News from Notch Consulting, Inc.

June 26, 2008

Potential New Source of Carbon Black

Filed under: Carbon Black — Tags: — Notch @ 2:58 pm

This article caught my eye.

The president and CEO of Atlantic Hydrogen Inc. is floating on air after an announcement Tuesday that his company is receiving millions of dollars in private and public funding.

David Wagner said the money will be used to fund a three-year $10-million demonstration project of the company’s CarbonSaver, a plasma technology that produces hydrogen and removes carbon from natural gas.

The article implies that the carbon removed from the gas stream would be in usable form.

Wagner said what makes his company’s technology unique is that it works in line with existing natural gas infrastructure and doesn’t release greenhouse gas.

“There are many technologies that remove hydrogen from natural gas but ours does it without generating greenhouse gases,” Wagner said. “We remove carbon in a solid form.”

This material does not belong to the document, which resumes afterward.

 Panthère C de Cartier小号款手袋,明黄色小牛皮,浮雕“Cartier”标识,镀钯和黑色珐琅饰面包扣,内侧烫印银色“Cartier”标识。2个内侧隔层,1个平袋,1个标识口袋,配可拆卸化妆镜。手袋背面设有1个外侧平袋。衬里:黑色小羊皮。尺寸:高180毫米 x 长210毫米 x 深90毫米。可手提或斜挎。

The technology once streamlined and commercialized is expected to be used in operations such as power plants, compressors, natural gas vehicle refueling, as well as for home and commercial heating.

No idea what the specs on a product like this would be. The company’s website indicates the process “generates a solid that is high purity carbon without generating GHG emissions.” Here is an excerpt from the company’s website on the carbon black created by the process.

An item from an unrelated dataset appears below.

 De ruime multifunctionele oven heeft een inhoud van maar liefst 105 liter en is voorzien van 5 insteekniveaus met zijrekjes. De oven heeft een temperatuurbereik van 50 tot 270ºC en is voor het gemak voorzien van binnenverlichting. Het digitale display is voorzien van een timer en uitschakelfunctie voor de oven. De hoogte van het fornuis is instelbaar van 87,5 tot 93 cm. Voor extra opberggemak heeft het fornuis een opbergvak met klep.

An initial evaluation demonstrates the potential of value-added carbons with a high surface (greater than 200m2/g) with highly branched aggregates and graphic sheets. If confirmed, the possible uses include carbon for composite fillers, structural reinforcement, enhanced conductivity and increased durability. Also the carbon’s low polyaromatic hydrocarbons (PAHs) and high-purity may mean that it meets stringent pharmaceutical and food grade specifications. At current market rates, carbon black trades in the range of $0.30 to $0.60 per pound. Preliminary analysis by Dr. Felipe Chibante (University of New Brunswick), suggests that AHI carbon could fetch a three to ten time premium over most carbon black produced today.